Project Details
Shedding light on solid-state microwave synthesis: In-situ Raman spectroscopy during formation of layered NaxCoO2
Applicant
Dr.-Ing. Andreas Reitz
Subject Area
Solid State and Surface Chemistry, Material Synthesis
Physical Chemistry of Solids and Surfaces, Material Characterisation
Physical Chemistry of Solids and Surfaces, Material Characterisation
Term
Funded in 2021
Project identifier
Deutsche Forschungsgemeinschaft (DFG) - Project number 456639820
The goal of the proposed work is to gain insights about the influence of microwave radiation on the formation mechanism as well as composition and morphology of the products during high-temperature synthesis of layered inorganic materials. Microwave heating of solids and mixtures thereof is a powerful synthesis technique to access a large variety of inorganic compounds. However, the involved mechanisms are still not well understood. In order to fill this void, we will develop a unique and powerful Raman spectroscopy system coupled to a microwave oven that will allow us to collect in-situ data during microwave heating. The layered oxide family NaxCoO2 (x = 1, 0.74, 0.6, 0.5) will serve as the model system for all planned experiments since the synthesis can be performed in air (no inert gas needed) and the precursors and different structures (depending on x) exhibit distinct Raman signals. Two different synthesis methods, solid-state synthesis starting from solid powder mixtures as well as sol-gel synthesis starting from soluble metal salts, will be investigated. This will enable gaining insights into the role of the nature of the precursors and the different types of chemical reactions that lead to the final products. Ultimately, the comparison of the obtained Raman spectroscopy data during microwave-assisted and conventional heating will shed light on the influence of the microwave radiation on high-temperature synthesis (solid-state and sol-gel).

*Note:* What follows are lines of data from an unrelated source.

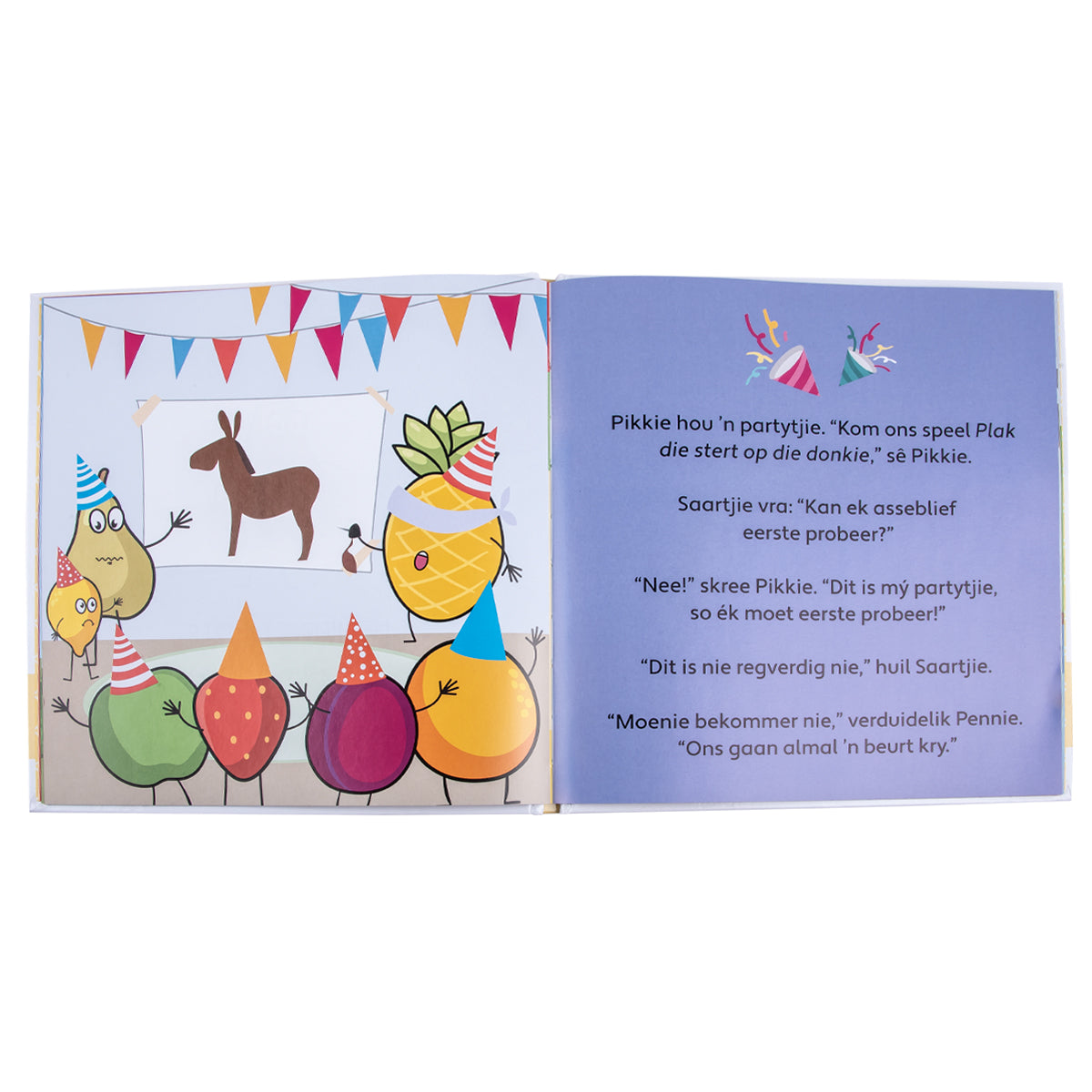 Pikkie Pynappel en Saartjie Suurlemoen verskyn in al die stories saam met die bepaalde vrug wat in daardie storie voorkom. Hierdie vrug leer vir Pikkie en Saartjie ’n karakterles in verhouding tot die vrug van die Gees wat hulle voorstel.
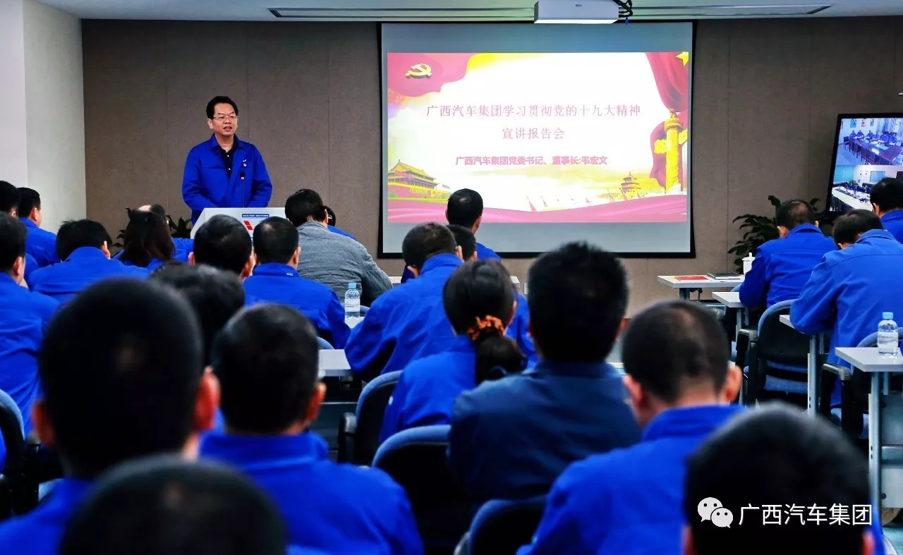 為深入學(xué)習(xí)貫徹黨的十九大精神,?12月6日,廣西汽車集團(tuán)舉行學(xué)習(xí)貫徹黨的十九大精神宣講報(bào)告會(huì),廣西汽車集團(tuán)黨委書記、董事長韋宏文在會(huì)上作題為《新時(shí)代·新氣象·新作為》宣講報(bào)告。集團(tuán)公司黨委領(lǐng)導(dǎo)、各級(jí)黨組織書記、一級(jí)經(jīng)理、所屬企業(yè)負(fù)責(zé)人等一百多人現(xiàn)場(chǎng)聆聽了報(bào)告,山東、重慶、桂客等單位以視頻形式參加報(bào)告會(huì)。
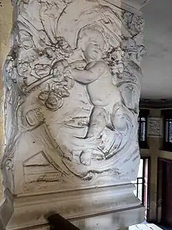On this front one can recognise the basement, marked by walls made of bare stone limestonea and large circular windows with grilles, which houses the rooms reserved for staff (kitchens, laundries, dormitories, etc.). In the centre of the rear façade is a majestic stone portico, leaning towards the Varese valley, which supports the ballroom and under which is the secondary entrance to the building. According to the original plan, this structure was to have been the arrival station of the funicular, but the idea was later abandoned due to the excessive noise of the engines.[15] Noteworthy are the decorations carved in stone and cement, the elaborate wrought-iron railings and the doccioni in the shape of a dragon, the work of Alessandro Mazzucotelli and, lastly, the imposing brick vaulting, details that give the portico a mysterious 'Gothic' appearance.
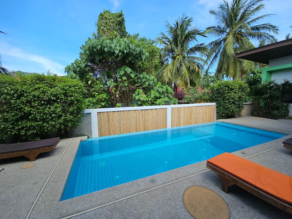 Tropical 2-bedroom villa in Laem Set, Koh Samui, just 5 minutes’ walk to the beach. The house is fully open-plan except for 2 air-conditioned bedrooms. Enjoy a private 9x3m pool, high-speed internet, washing machine, TV, and 2 outdoor showers. There are 2 toilets for convenience. Electricity (7 THB/kWh) and water (40 THB/m³) are charged separately. Perfect for couples or small families seeking comfort and tranquility near the sea.
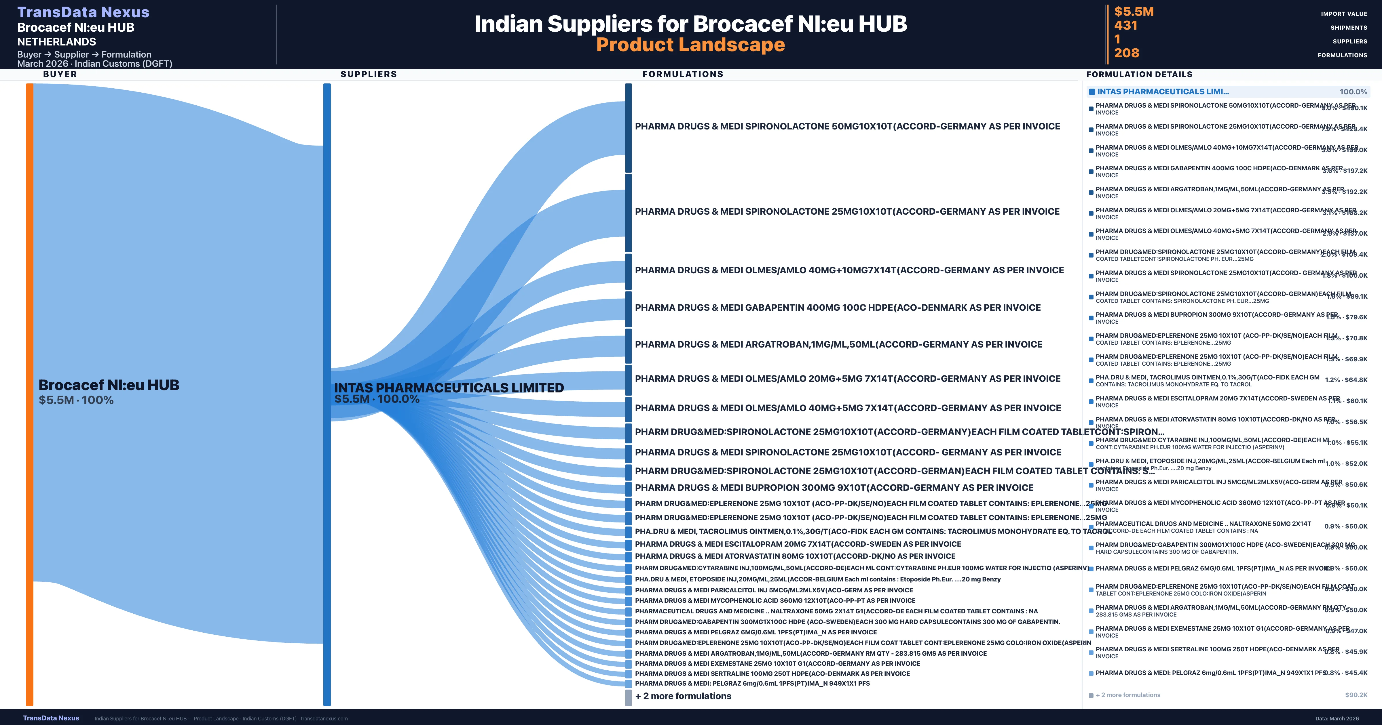 Brocacef Nl:eu HUB sources from 1 verified Indian supplier across 208 distinct formulations. The sourcing is highly concentrated — Intas Pharmaceuticals Limited accounts for 100.0% of total imports, indicating a strategic single-source relationship.

Once the in-situ measurement system has been proven successful for the oxide model system, the in-situ analysis will be extended to the more challenging synthesis of layered ternary metal carbides (MAX phases). The knowledge about the formation mechanisms and the influence of microwave radiation on the synthesis and morphology of these phases will provide guiding principles for the control of the synthesis of layered inorganic materials (e.g. oxides and carbides) and open a path to new members/morphologies of these classes of materials.
DFG Programme
WBP Fellowship
International Connection
USA